More than a hundred different hypotheses were expressed about what happened in the Tunguska taiga: from the explosion of swamp gas to the crash of an alien ship. It was also assumed that an iron or stone meteorite with the inclusion of nickel iron could fall to the Earth; the icy nucleus of a comet; unidentified flying object, starship; gigantic ball lightning; meteorite from Mars, hard to distinguish from terrestrial rocks. American physicists Albert Jackson and Michael Ryan declared that the Earth met with a "black hole"; some researchers suggested that it was a fantastic laser beam or a piece of plasma detached from the Sun; French astronomer Felix de Roy, a researcher of optical anomalies, suggested that on June 30, the Earth probably collided with a cloud of cosmic dust.

1. Ice Comet
The most recent is the ice comet hypothesis put forward by physicist Gennady Bybin, who has been studying the Tunguska anomaly for more than 30 years. Bybin believes that the mysterious body was not a stone meteorite, but an icy comet. He came to this conclusion based on the diaries of Leonid Kulik, the first researcher of the meteorite fall site. At the scene of the incident, Kulik found a substance in the form of ice covered with peat, but did not attach much importance to it, since he was looking for something completely different. However, this compressed ice with combustible gases frozen into it, found 20 years after the explosion, is not a sign of permafrost, as was commonly believed, but evidence that the ice comet theory is correct, the researcher believes. For a comet that shattered into many pieces from a collision with our planet, the Earth became a kind of hot frying pan. The ice on it quickly melted and exploded. Gennady Bybin hopes that his version will be the only true and last one.

2.Meteorite
however, most scientists are inclined to believe that it was still a meteorite that exploded above the surface of the Earth. It was his traces, starting from 1927, that the first Soviet scientific expeditions led by Leonid Kulik were looking for in the explosion area. But the usual meteor crater was not at the scene. Expeditions found that around the site of the fall of the Tunguska meteorite, the forest was felled like a fan from the center, and in the center some of the trees remained standing on the vine, but without branches.
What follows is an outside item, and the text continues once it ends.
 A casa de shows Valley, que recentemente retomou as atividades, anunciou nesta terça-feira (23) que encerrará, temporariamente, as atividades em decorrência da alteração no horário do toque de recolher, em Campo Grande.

Tunguska meteorite in the representation of the artist

In the Russian-speaking space, there are a lot of space legends. Almost every village has a hill above which mysterious lights have been seen in the sky, or a hollow left by a “comet”. But the most famous (and really existing!) remains the Tunguska meteorite. Descending from heaven on the unremarkable morning of June 30, 1908, he instantly laid 2000 km²taiga, knocked out the windows of houses hundreds of kilometers around.

Explosion near Tunguska

However, the space guest behaved very strangely. It exploded in the air, and several times, did not leave from itself, and the forest did not knock down at all with a blow to the ground. This inflamed the imagination of both science fiction writers and scientists - since then, at least once a year, but it appears a new version what caused the explosion near the Podkamennaya Tunguska River. Today we will explain what the Tunguska meteorite is from the point of view of astronomy, photos from the impact sites will become our guides.

The most important, the very first and most unreliable information about the meteorite is the description of the fall of the meteorite. The whole planet felt it - the wind reached Britain, and the earthquake swept across Eurasia. But only a few personally saw the largest fall of a cosmic body. And only those who survived could tell about it.
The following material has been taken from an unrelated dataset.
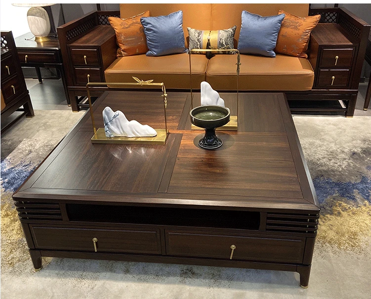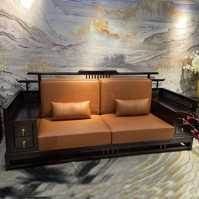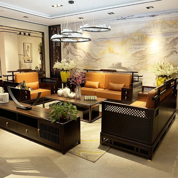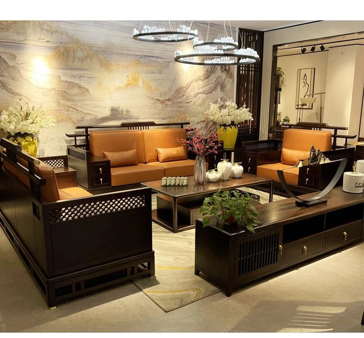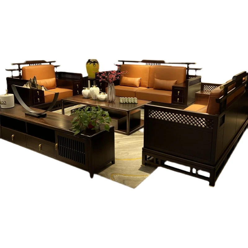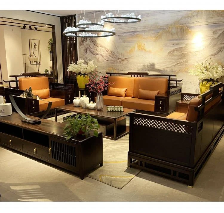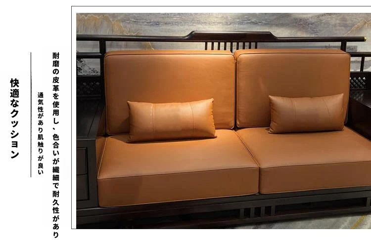 デザイナー新中式無垢材ソファー|現代的なラグジュアリー、大型ヴィラのリビングに最適な禅の雰囲気を演出する中国風モデルルーム用家具です。

The most reliable witnesses say that a huge fiery tail flew from north to east, at an angle of 50 ° to the horizon. After that, the northern part of the sky lit up with a flash that brought great heat: people tore off their clothes, and dry plants and fabrics smoldered. This was an explosion - more precisely, thermal radiation from it. A shock wave with wind and seismic vibrations came later, knocking trees and people to the ground, breaking windows even at a distance of 200 kilometers!

Strong thunder, the sound from the explosion of the Tunguska meteorite, came last, and resembled the roar of cannon fire. Immediately after this, there was a second explosion, less powerful; most of the eyewitnesses, dumbfounded by the heat and the shock wave, noticed only its light, which was described as a “second Sun”.

This is where the evidence ends. It is worth taking into account the early hour of the fall of the meteorite and the personalities of eyewitnesses - these were Siberian peasant settlers and natives, Tungus and Evenks. The last in their pantheon of gods have iron birds spitting fire, which gave eyewitness accounts a religious connotation, and ufologists - "reliable evidence" of the presence spaceship at the site of the fall of the Tunguska meteorite.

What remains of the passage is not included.